A la hora del té



El anciano se detuvo al umbral de la habitación; cargaba la bandeja con las tazas, el agua hervida y los terrones de azúcar. Ya sin miedo, quedó maravillado ante la visión. La encontró sentada y mirando por la ventana, pensativa, como el silente diálogo con su reflejo. Su pose distinguida delataba una respiración difícil; suspiraba a veces.
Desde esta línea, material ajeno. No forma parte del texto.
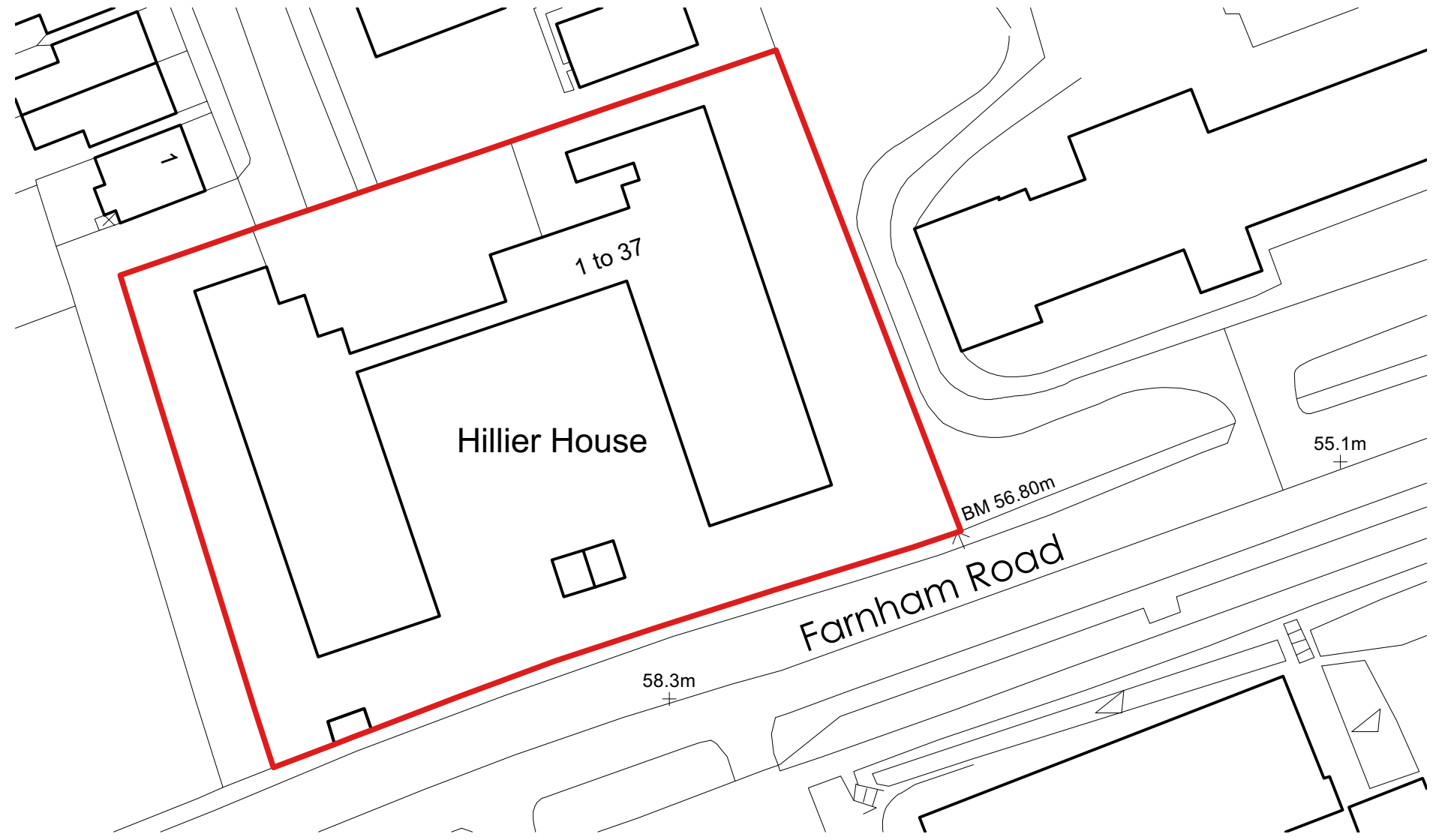
BLOCK PLAN scale at 1:500 @A3

La blancura de las nieves de fuera hacía más pálidas sus facciones. Como de costumbre, él deseaba que ya no se quedara absorta y desapareciera sin más. Más allá de contemplarla, él quería estar con ella, cruzar miradas, compartir el té y conversar. Pero no se podía; era una habitante de su vivienda desde siempre, que se esfumaba como vapor.

Harto de aquella melancólica indiferencia, el viejo se acercó para llamar su atención. La vio girar la cabeza hacia él, con rapidez inhumana que le sobresaltó. Ese rostro inerte se quedó fijo. El cuerpo fantasmal, ataviado con ropas de antaño, escapó disolviéndose  en el aire del recinto. Ahora restaba la cara suspendida, como una máscara vacía que portaba algún mensaje.

Una forma tan negra que oscureció el cuarto emergió detrás de ella, para formarse la capucha que se tragó esa hermosura femenina. Se alzó hasta una altura que palpaba el techo. La túnica larga y humeante hizo llorar al anciano, por el engaño en el que había caído por tantos años… se despidió de sus sentimientos cuando vio emerger la guadaña entre los pliegues fríos.